The task:
Starting from the line that holds "物理九年级教材结构更加清晰,从问题引导到", output exactly each line through the end of the listing. Do not copy pictures.

_ _ _ _ _

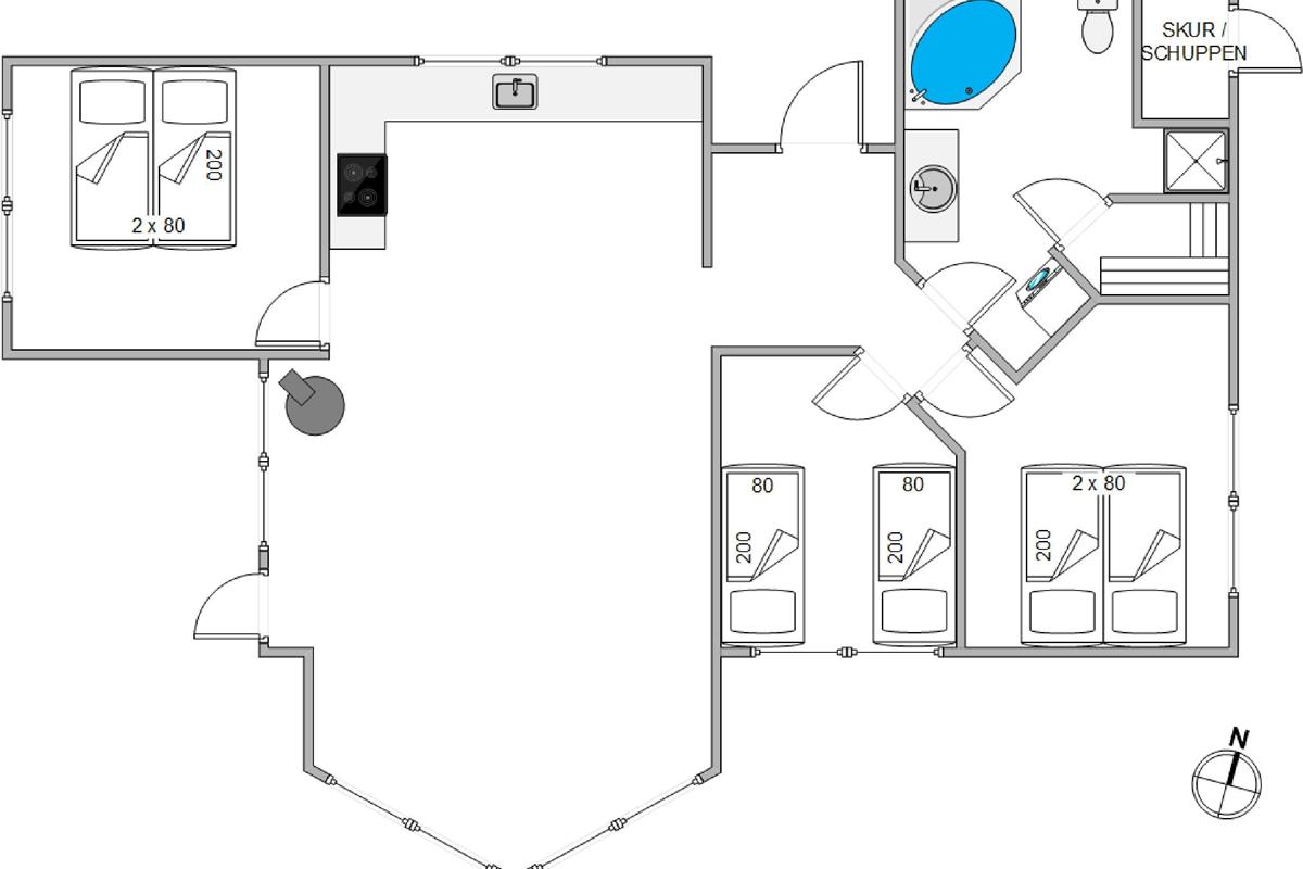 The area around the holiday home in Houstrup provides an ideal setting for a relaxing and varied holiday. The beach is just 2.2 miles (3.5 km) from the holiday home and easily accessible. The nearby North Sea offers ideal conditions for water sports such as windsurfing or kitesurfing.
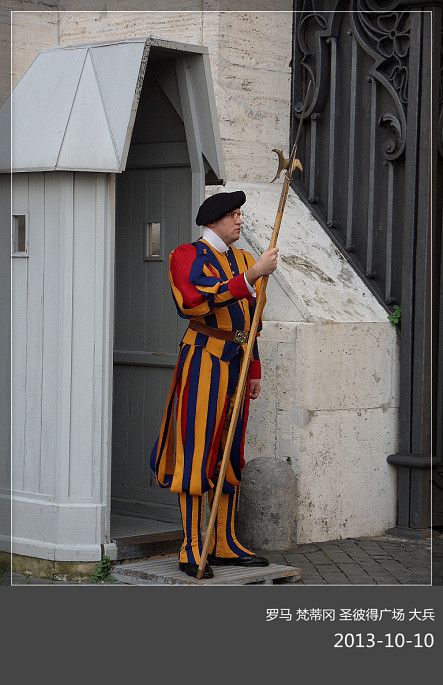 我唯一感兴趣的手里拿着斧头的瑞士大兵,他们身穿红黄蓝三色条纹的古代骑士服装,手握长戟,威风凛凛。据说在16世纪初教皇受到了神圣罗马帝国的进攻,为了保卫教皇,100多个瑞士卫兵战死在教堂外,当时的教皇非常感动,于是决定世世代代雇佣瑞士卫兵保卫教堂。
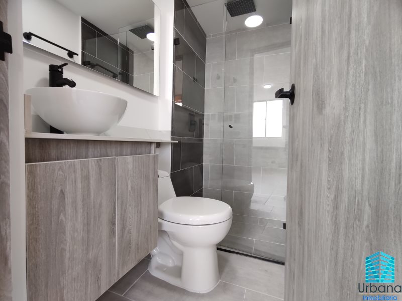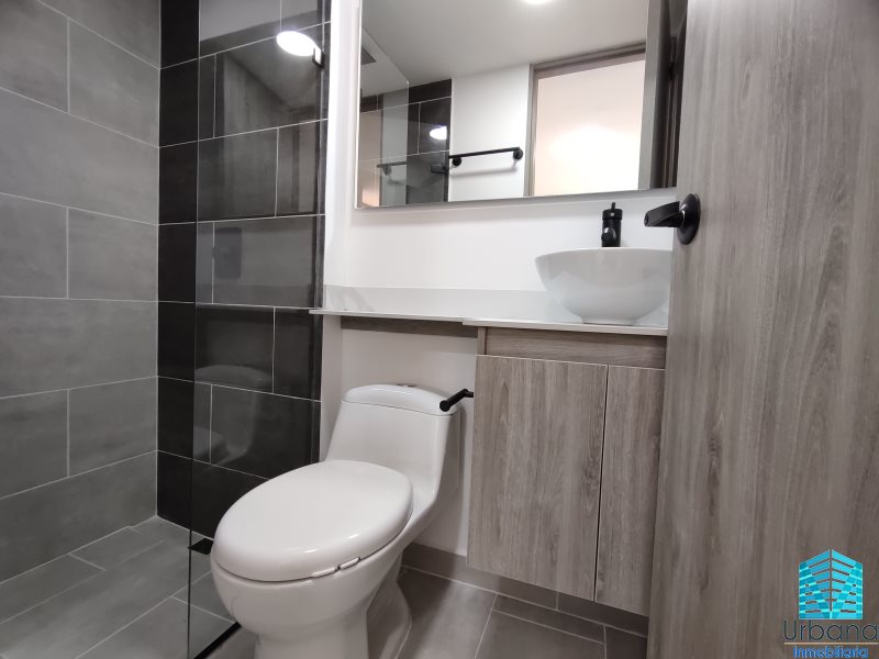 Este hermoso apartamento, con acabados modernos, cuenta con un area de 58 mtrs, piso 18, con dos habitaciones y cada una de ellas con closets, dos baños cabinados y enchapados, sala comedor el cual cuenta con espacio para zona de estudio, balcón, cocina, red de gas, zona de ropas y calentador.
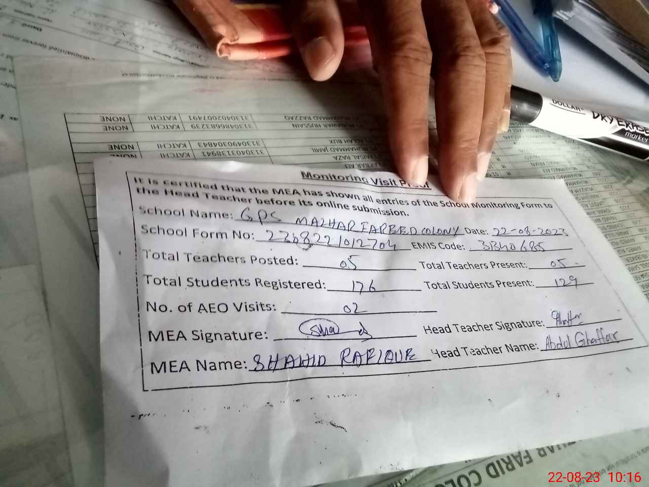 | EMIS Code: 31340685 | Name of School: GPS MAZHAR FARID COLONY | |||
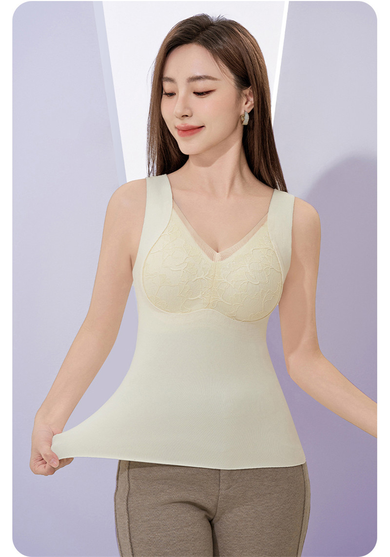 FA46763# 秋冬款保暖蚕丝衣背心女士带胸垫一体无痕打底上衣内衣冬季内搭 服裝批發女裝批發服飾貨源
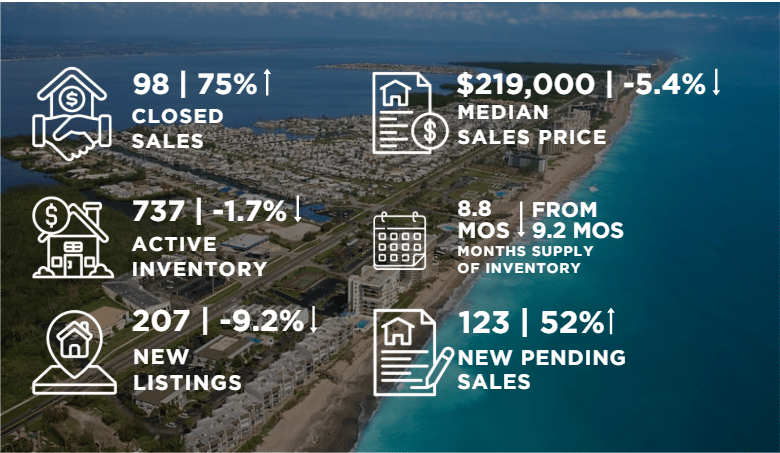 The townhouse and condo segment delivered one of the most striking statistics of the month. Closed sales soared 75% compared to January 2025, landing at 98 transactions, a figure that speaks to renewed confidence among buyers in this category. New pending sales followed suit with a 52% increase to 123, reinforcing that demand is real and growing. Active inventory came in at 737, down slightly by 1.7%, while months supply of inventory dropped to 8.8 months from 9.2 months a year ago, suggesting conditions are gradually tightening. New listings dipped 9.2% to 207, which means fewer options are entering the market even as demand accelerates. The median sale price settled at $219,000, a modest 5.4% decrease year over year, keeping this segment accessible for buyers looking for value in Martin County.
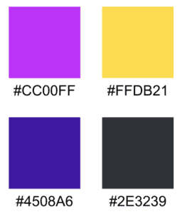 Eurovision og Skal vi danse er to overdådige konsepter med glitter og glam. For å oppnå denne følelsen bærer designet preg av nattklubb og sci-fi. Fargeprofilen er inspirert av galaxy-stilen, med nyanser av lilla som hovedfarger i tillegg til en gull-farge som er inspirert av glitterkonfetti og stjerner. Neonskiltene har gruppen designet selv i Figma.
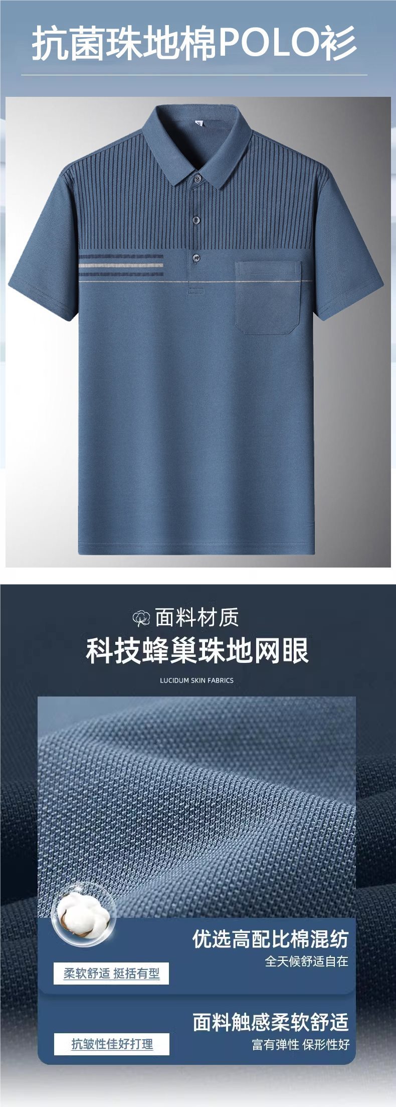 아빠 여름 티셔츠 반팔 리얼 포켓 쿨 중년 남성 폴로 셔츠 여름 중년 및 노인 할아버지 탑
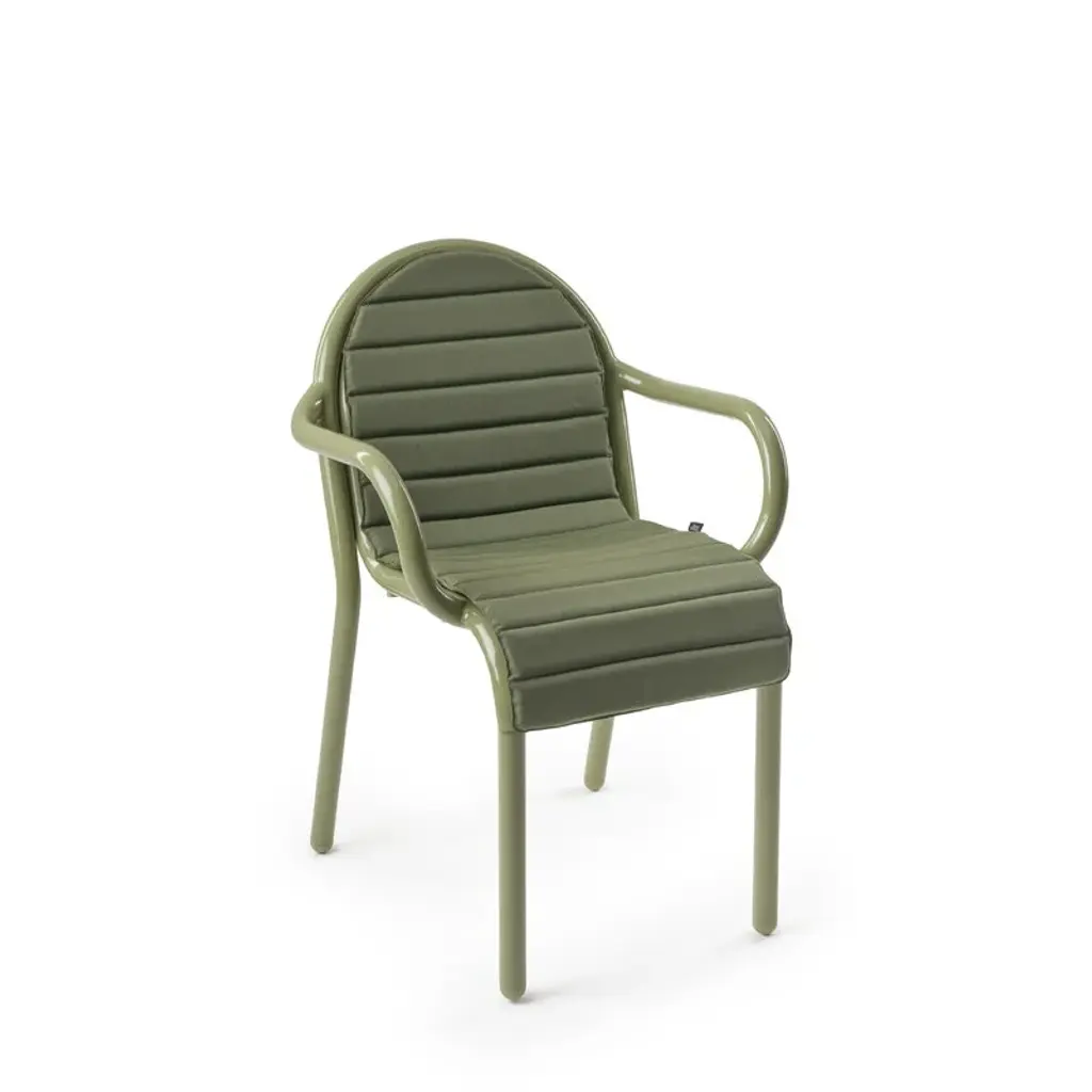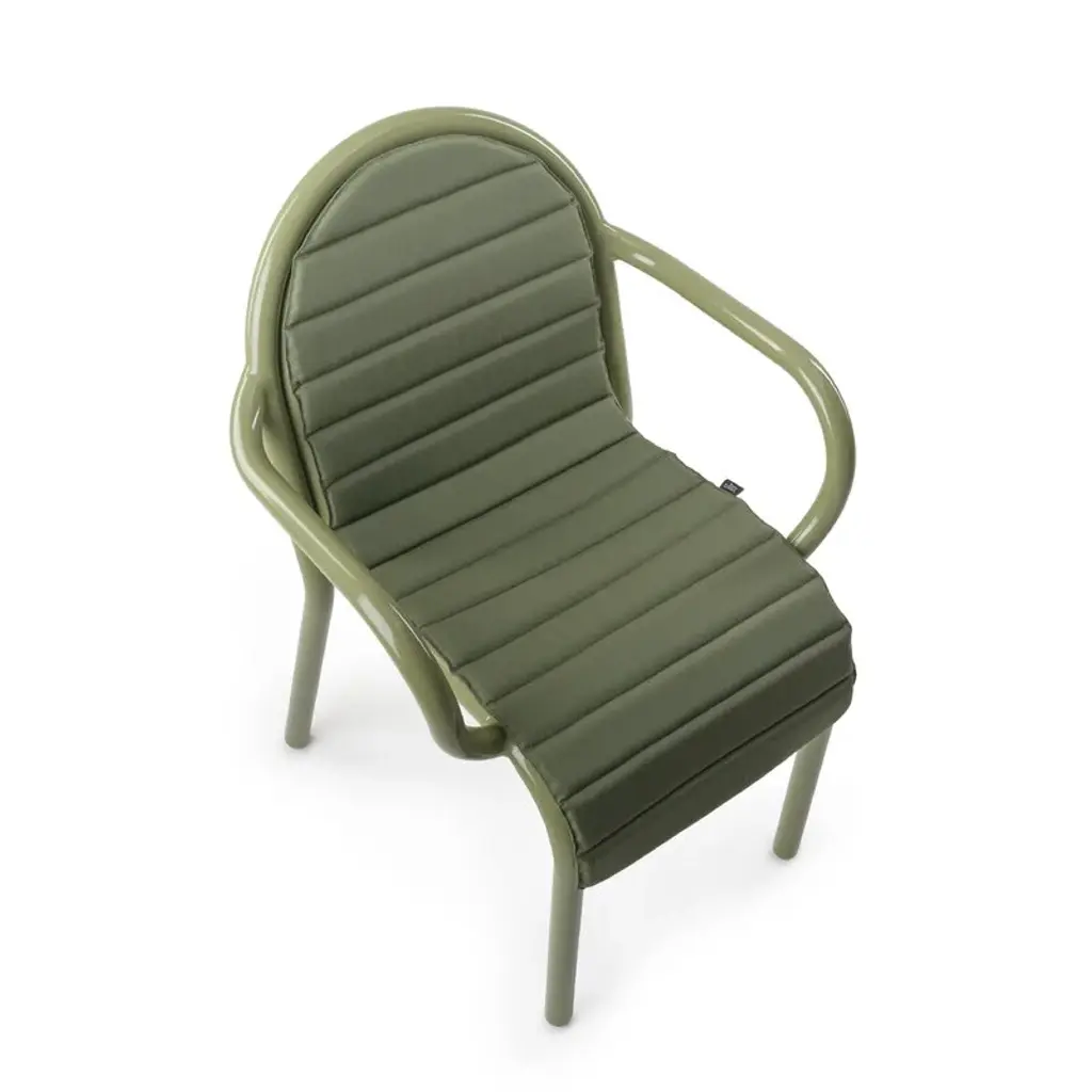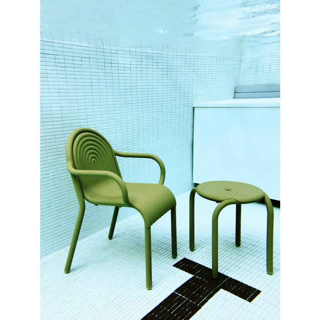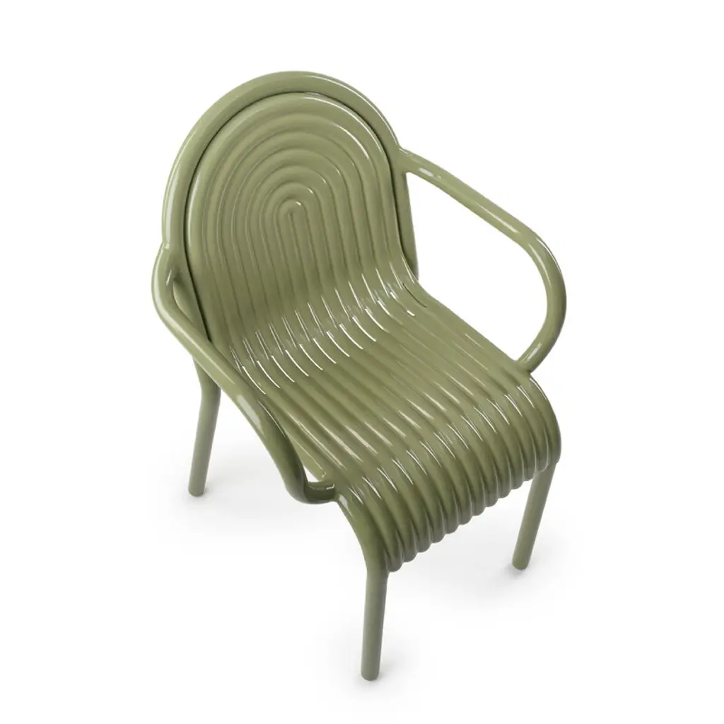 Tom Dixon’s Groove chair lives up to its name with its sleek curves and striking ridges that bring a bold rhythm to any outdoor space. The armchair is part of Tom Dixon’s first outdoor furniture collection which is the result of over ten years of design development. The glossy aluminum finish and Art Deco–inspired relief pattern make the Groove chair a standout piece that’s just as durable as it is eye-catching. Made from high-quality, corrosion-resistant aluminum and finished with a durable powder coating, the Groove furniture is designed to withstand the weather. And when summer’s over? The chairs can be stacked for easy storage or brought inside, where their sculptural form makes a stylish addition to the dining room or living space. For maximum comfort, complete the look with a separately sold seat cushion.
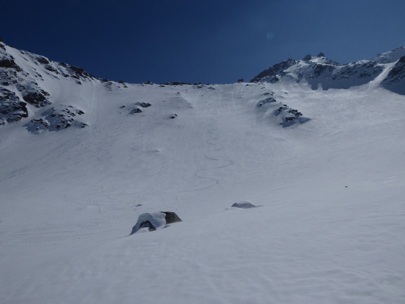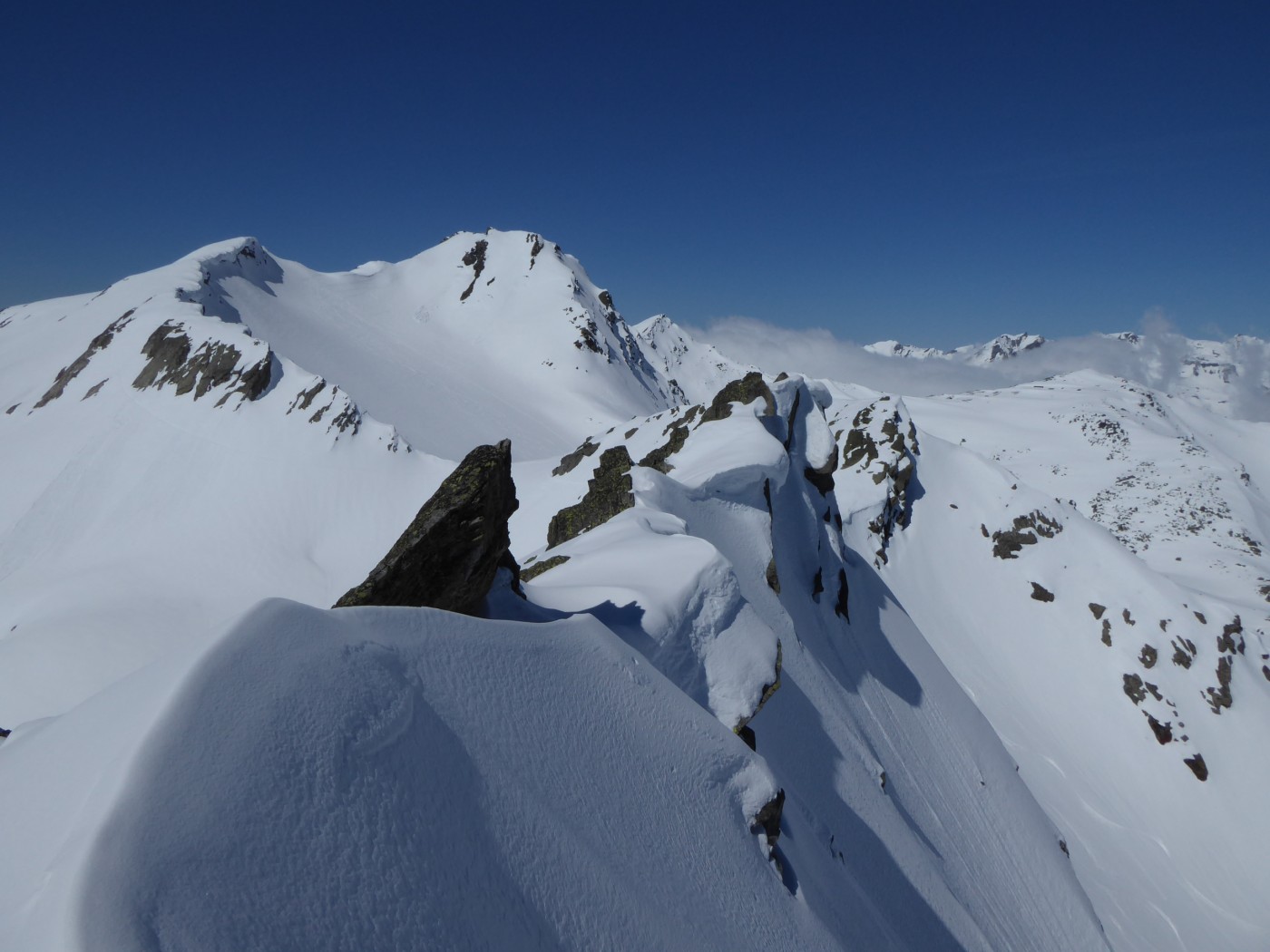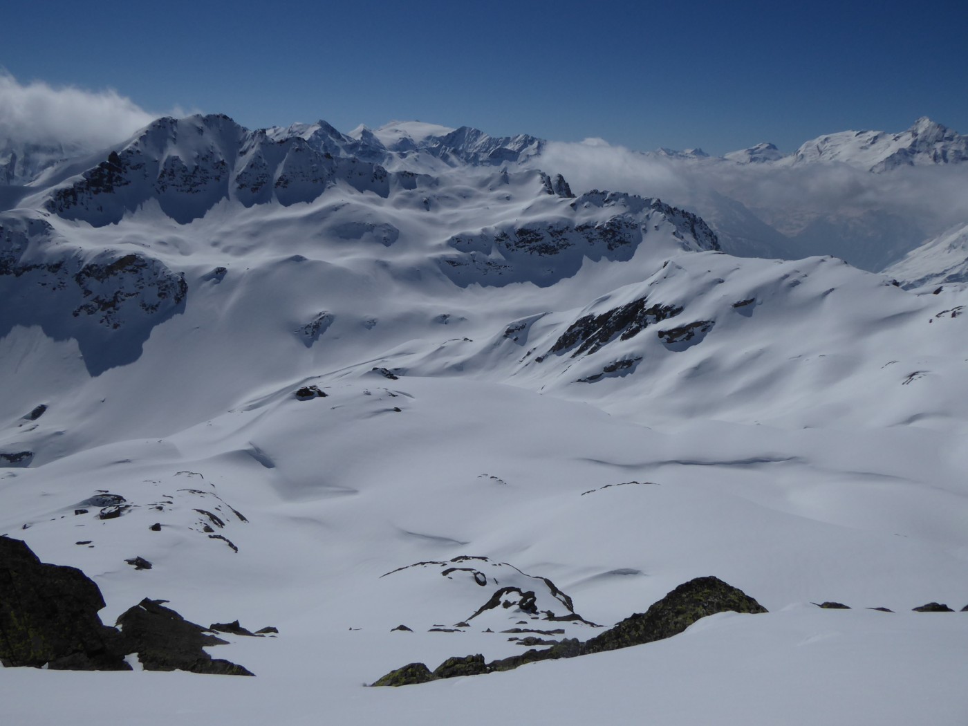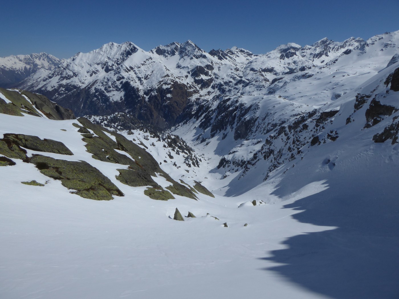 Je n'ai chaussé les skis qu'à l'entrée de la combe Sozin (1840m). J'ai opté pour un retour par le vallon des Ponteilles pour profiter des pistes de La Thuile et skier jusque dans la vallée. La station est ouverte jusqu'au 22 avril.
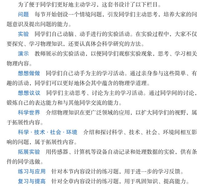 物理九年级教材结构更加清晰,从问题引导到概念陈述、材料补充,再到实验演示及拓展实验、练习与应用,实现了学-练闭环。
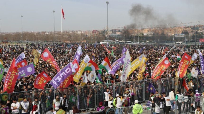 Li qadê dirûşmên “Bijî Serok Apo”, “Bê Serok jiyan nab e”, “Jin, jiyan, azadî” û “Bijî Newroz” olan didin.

_ _ _ _ _

Response to the task:
 物理九年级教材结构更加清晰,从问题引导到概念陈述、材料补充,再到实验演示及拓展实验、练习与应用,实现了学-练闭环。
 Li qadê dirûşmên “Bijî Serok Apo”, “Bê Serok jiyan nab e”, “Jin, jiyan, azadî” û “Bijî Newroz” olan didin.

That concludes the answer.